# Exercise objective
With pictures excluded, copy word for word the lines in the data below from the line containing "奇才(9-26,连胜终结):麦科勒姆20" through the line containing "Alors qu’une bonne".

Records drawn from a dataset
__________________________________________________

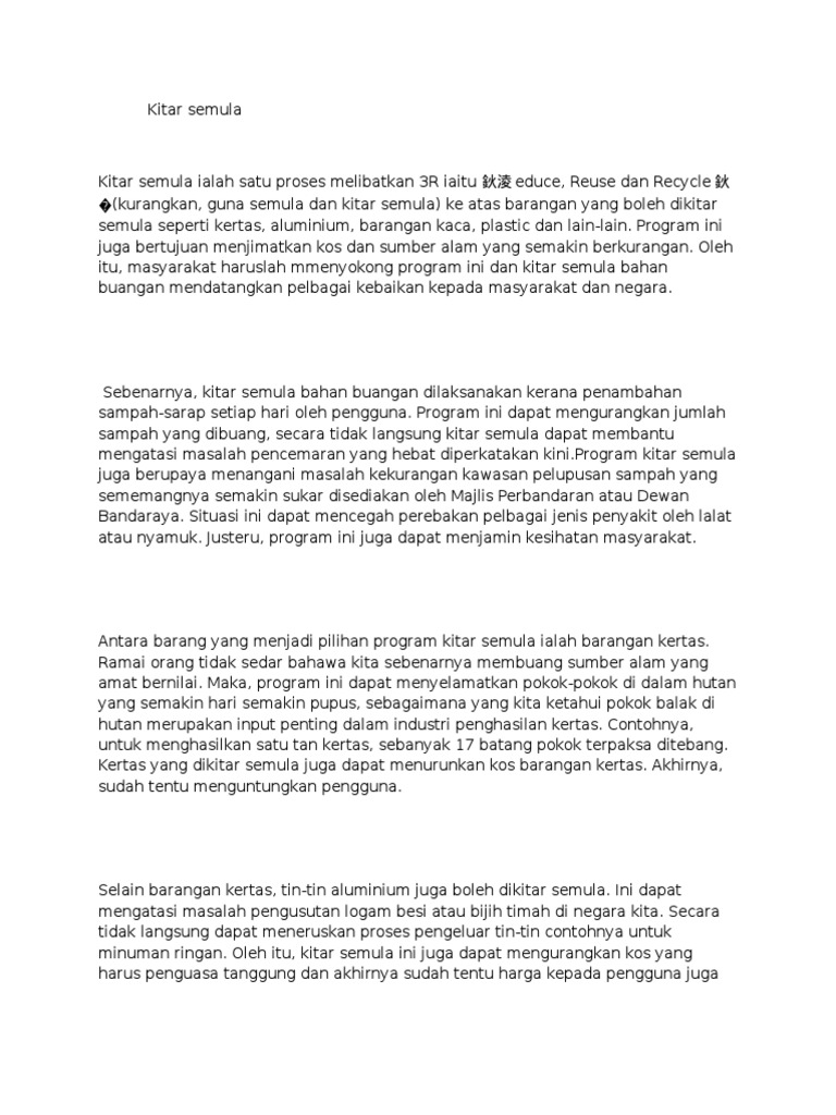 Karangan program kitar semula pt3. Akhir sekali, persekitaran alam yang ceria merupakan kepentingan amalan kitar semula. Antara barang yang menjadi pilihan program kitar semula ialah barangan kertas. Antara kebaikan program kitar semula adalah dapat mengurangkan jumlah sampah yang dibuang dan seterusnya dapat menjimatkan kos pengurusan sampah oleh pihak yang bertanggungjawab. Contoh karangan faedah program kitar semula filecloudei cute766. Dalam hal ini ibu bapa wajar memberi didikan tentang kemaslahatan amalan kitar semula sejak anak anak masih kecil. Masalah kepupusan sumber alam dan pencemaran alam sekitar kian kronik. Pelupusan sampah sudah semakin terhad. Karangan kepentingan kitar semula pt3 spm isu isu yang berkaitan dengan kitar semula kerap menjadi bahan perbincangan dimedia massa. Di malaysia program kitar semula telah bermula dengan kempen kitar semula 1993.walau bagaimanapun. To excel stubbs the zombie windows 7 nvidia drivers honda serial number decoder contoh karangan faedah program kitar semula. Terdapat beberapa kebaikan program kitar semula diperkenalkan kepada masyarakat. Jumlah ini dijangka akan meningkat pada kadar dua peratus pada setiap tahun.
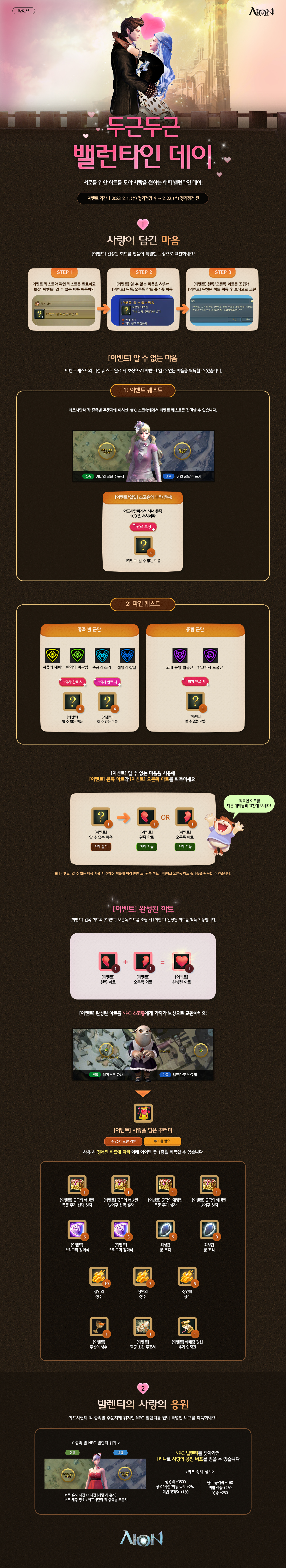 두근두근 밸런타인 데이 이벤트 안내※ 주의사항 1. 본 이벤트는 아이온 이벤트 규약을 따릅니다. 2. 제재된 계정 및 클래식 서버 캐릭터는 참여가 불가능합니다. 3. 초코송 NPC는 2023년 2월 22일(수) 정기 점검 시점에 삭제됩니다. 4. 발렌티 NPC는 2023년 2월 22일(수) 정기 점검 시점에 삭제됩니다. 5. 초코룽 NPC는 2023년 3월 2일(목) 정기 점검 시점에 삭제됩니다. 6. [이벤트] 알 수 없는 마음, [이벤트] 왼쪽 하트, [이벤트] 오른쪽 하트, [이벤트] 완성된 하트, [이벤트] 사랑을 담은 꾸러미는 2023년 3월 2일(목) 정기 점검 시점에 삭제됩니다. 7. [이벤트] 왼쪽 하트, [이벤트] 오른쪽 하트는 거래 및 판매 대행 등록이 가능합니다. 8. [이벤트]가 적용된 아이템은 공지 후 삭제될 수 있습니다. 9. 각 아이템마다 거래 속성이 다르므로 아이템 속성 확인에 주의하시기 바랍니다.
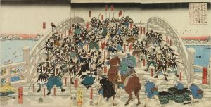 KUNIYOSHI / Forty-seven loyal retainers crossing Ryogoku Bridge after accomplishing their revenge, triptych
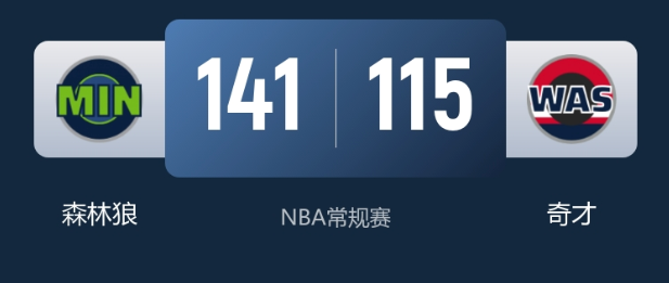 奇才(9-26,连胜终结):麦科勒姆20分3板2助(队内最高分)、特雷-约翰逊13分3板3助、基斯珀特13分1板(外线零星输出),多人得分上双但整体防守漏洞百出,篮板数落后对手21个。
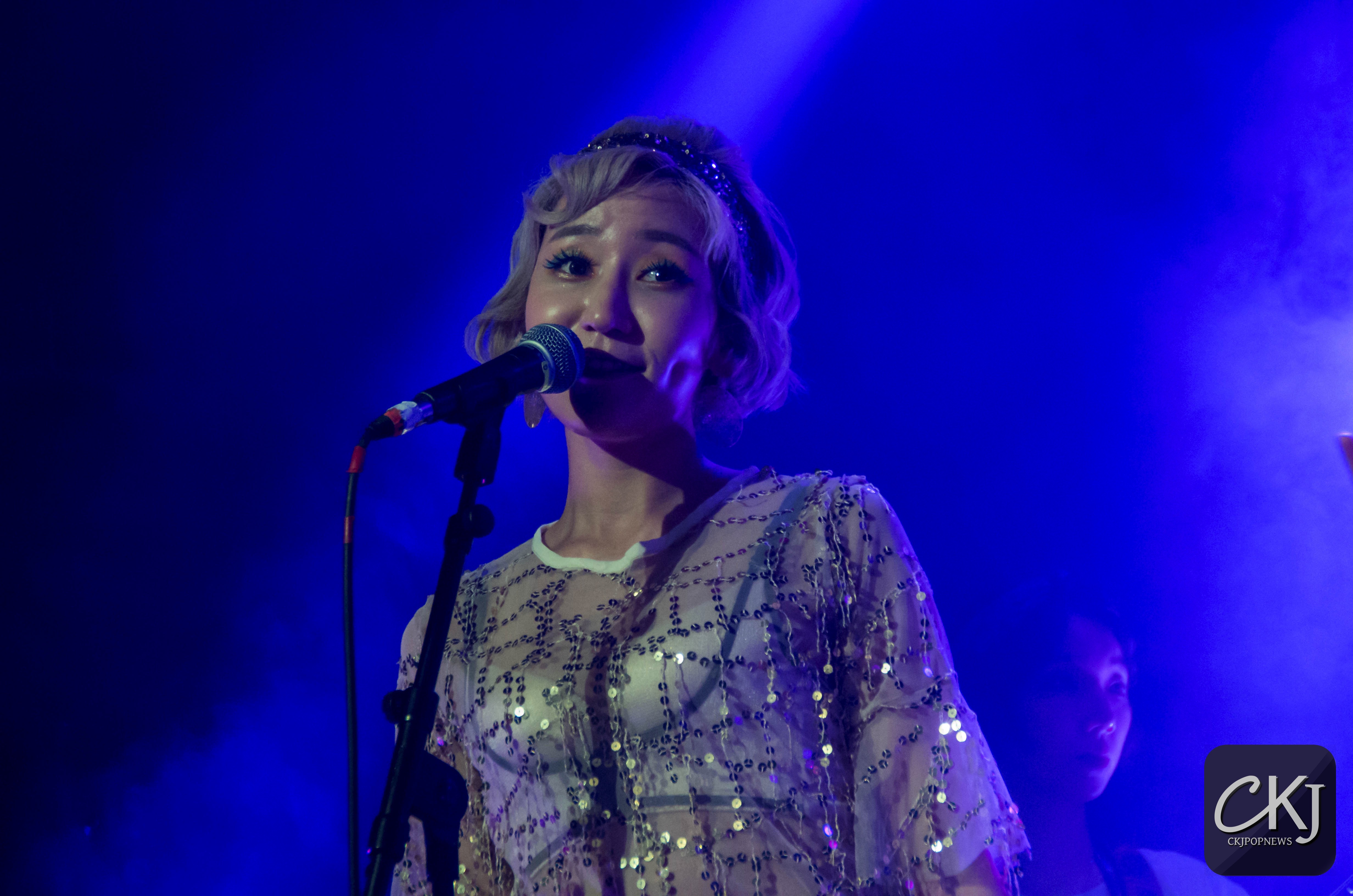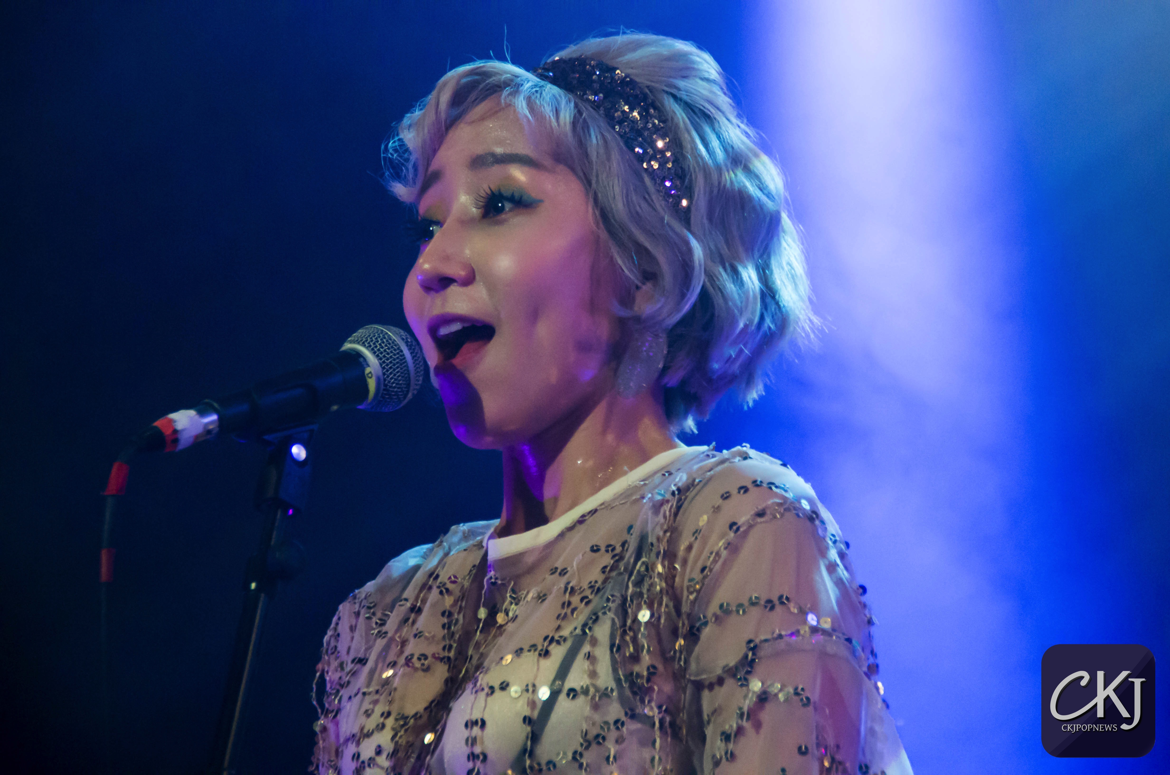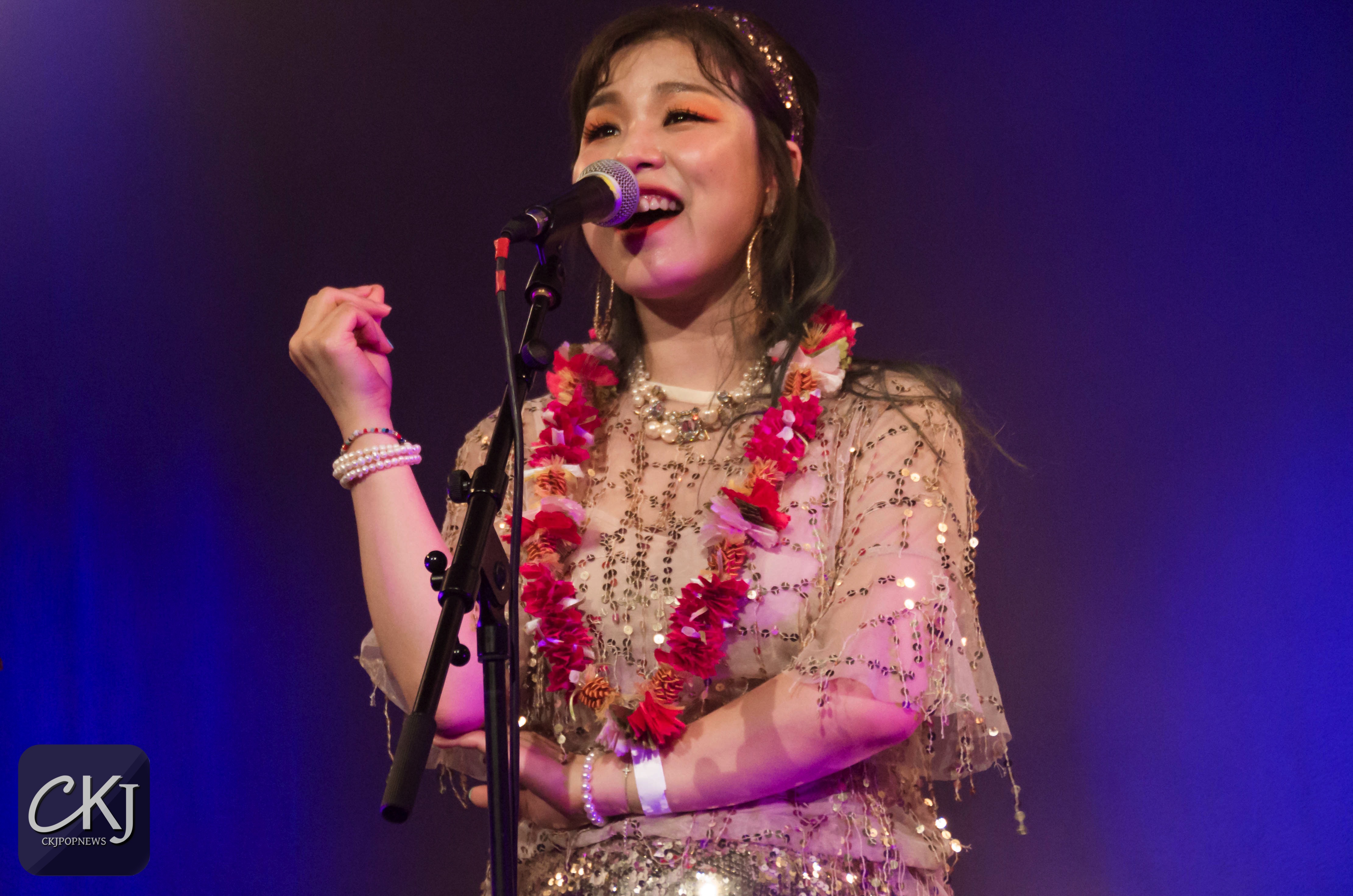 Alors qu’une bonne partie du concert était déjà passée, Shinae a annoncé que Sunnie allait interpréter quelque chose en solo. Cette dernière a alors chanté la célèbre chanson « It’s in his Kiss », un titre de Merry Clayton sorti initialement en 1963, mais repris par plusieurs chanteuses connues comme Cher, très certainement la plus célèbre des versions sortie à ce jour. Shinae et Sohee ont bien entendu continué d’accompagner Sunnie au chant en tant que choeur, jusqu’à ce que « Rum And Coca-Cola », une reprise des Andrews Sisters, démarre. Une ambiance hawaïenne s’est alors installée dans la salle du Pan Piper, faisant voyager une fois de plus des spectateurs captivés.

__________________________________________________

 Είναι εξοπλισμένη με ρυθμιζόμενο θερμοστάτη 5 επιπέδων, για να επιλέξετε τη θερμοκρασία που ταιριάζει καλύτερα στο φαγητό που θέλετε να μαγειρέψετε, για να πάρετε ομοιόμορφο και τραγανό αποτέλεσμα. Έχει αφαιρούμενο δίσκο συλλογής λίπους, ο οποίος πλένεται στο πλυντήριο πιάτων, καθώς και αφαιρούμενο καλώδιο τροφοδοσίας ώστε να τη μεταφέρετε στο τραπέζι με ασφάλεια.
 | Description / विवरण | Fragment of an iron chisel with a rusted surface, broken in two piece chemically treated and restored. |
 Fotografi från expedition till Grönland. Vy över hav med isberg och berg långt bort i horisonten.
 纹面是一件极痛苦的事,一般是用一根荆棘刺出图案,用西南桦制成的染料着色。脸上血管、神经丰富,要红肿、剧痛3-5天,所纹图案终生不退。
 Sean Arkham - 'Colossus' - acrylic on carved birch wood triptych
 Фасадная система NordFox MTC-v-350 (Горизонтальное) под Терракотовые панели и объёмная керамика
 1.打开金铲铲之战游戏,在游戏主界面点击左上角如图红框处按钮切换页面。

__________________________________________________

# Answer to this task
 奇才(9-26,连胜终结):麦科勒姆20分3板2助(队内最高分)、特雷-约翰逊13分3板3助、基斯珀特13分1板(外线零星输出),多人得分上双但整体防守漏洞百出,篮板数落后对手21个。
 Alors qu’une bonne partie du concert était déjà passée, Shinae a annoncé que Sunnie allait interpréter quelque chose en solo. Cette dernière a alors chanté la célèbre chanson « It’s in his Kiss », un titre de Merry Clayton sorti initialement en 1963, mais repris par plusieurs chanteuses connues comme Cher, très certainement la plus célèbre des versions sortie à ce jour. Shinae et Sohee ont bien entendu continué d’accompagner Sunnie au chant en tant que choeur, jusqu’à ce que « Rum And Coca-Cola », une reprise des Andrews Sisters, démarre. Une ambiance hawaïenne s’est alors installée dans la salle du Pan Piper, faisant voyager une fois de plus des spectateurs captivés.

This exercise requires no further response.